Task statement: Below is a listing with pictures in it. Copy it exactly without them.
-------- Information supplied --------
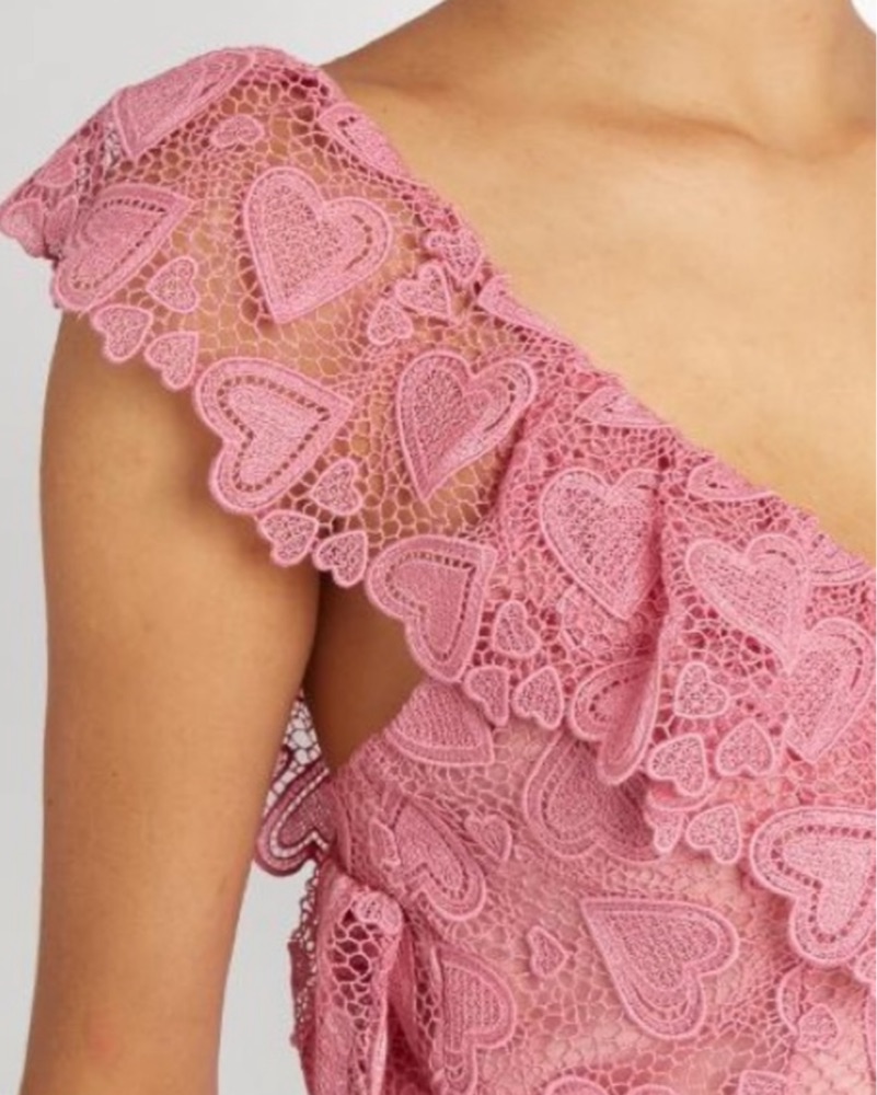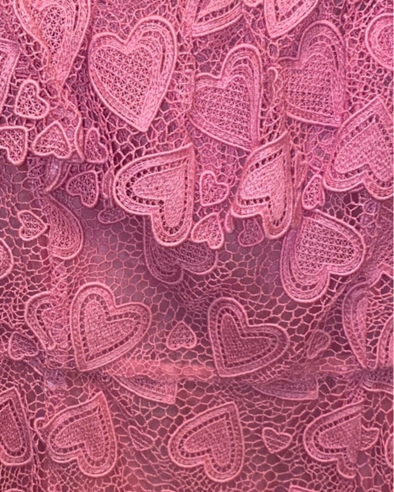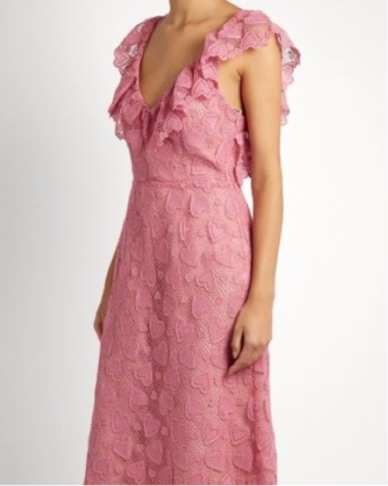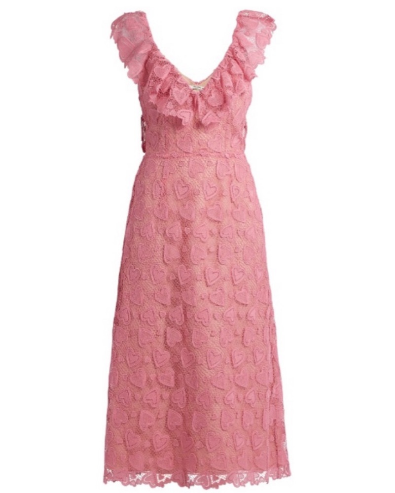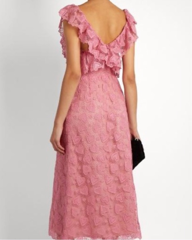 SHEER LINING. 44 IT. 2016 Collection rose-pink cotton-blend midi dress is an unabashedly sweet translation of Miu Miu's signature whimsical aesthetic. It has a feminine fit-and-flare silhouette that's intricately patterned with a heart-macramé lace overlay.
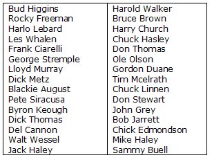 Bruce Gabrielson, Jim Angley, Barry Church, and Sam Dusatko. Max was the first
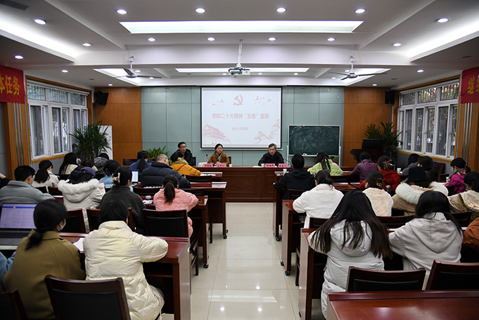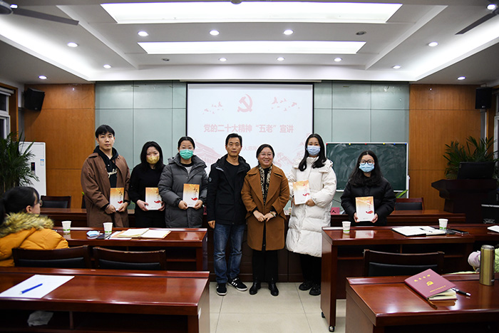 12月2日下午,校党委宣传部与马克思主义学院师生党员开展党的二十大精神主题学习活动,校“五老”宣讲团成员、退休干部陈海燕应邀作题为《认真学习宣传贯彻党的二十大精神,做社会主义核心价值观的践行者》的专题报告。报告会由宣传部常务副部长惠继荣主持,马克思主义学院党委副书记、院长柳泽民出席活动。
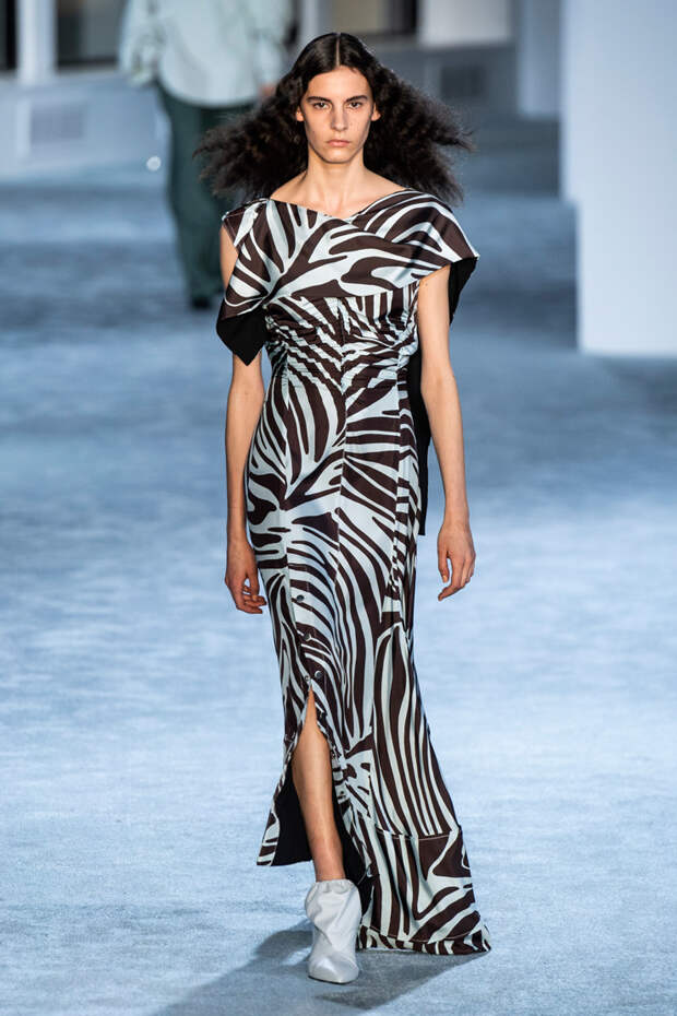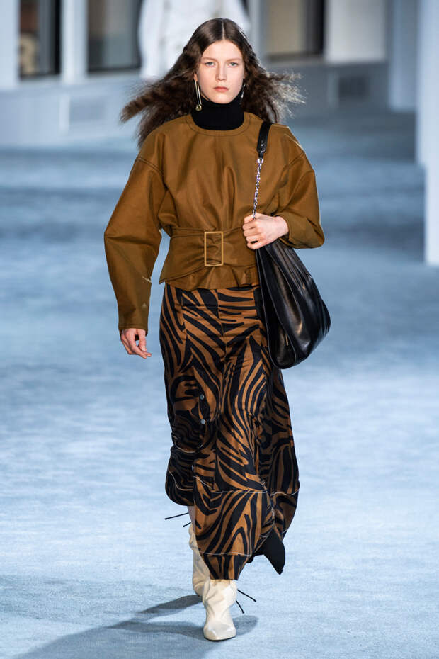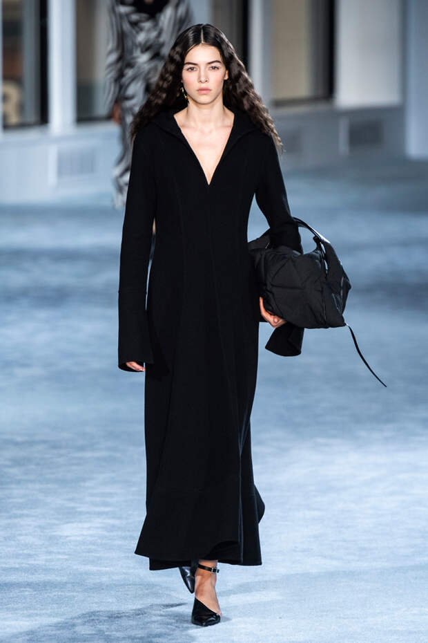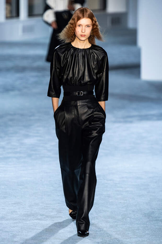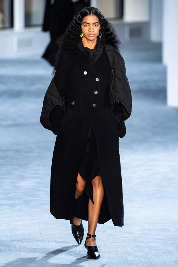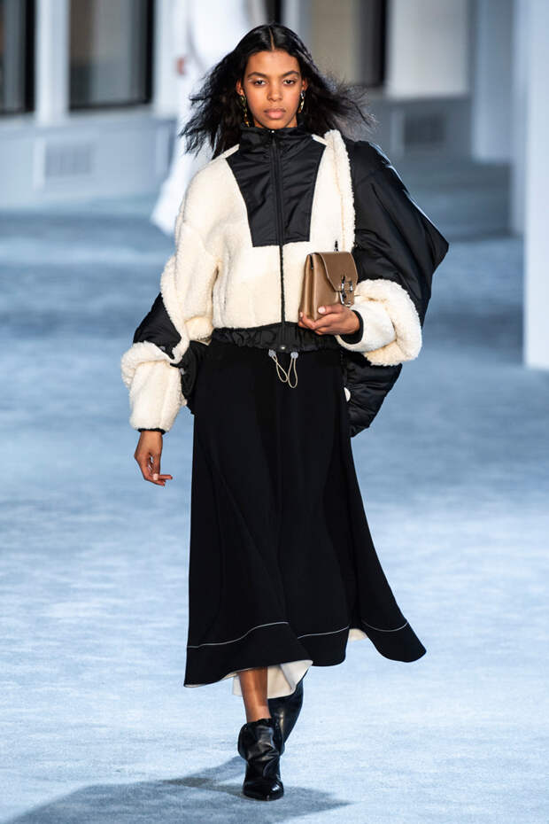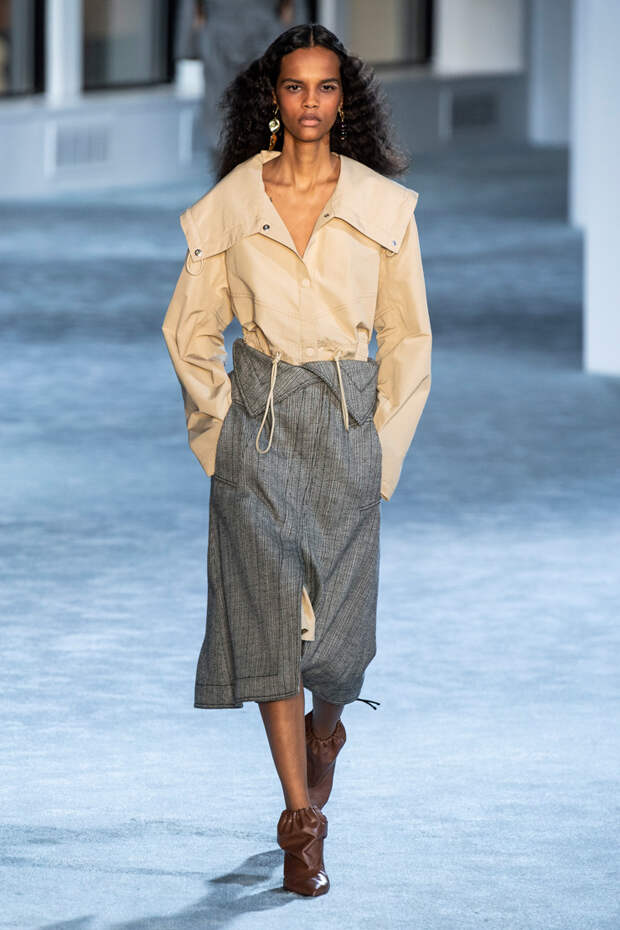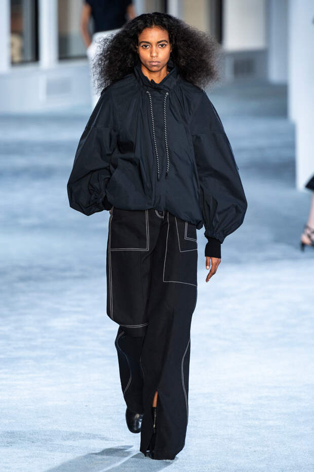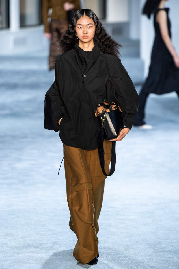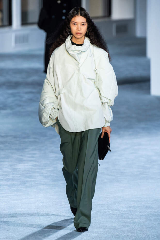 Под элегантными — ретро-пальто необычного кроя, которые носили еще в 50-х, изящные брюки со statement-топами, подчеркивающие фигуру платья. Иногда оба направления сливались воедино и в одной вещи — например, в блузе с пышными оборками, которая оказывается на самом деле всего-то пухлой нейлоновой курткой.
--------
Finished task:
 SHEER LINING. 44 IT. 2016 Collection rose-pink cotton-blend midi dress is an unabashedly sweet translation of Miu Miu's signature whimsical aesthetic. It has a feminine fit-and-flare silhouette that's intricately patterned with a heart-macramé lace overlay.
 Bruce Gabrielson, Jim Angley, Barry Church, and Sam Dusatko. Max was the first
 12月2日下午,校党委宣传部与马克思主义学院师生党员开展党的二十大精神主题学习活动,校“五老”宣讲团成员、退休干部陈海燕应邀作题为《认真学习宣传贯彻党的二十大精神,做社会主义核心价值观的践行者》的专题报告。报告会由宣传部常务副部长惠继荣主持,马克思主义学院党委副书记、院长柳泽民出席活动。
 Под элегантными — ретро-пальто необычного кроя, которые носили еще в 50-х, изящные брюки со statement-топами, подчеркивающие фигуру платья. Иногда оба направления сливались воедино и в одной вещи — например, в блузе с пышными оборками, которая оказывается на самом деле всего-то пухлой нейлоновой курткой.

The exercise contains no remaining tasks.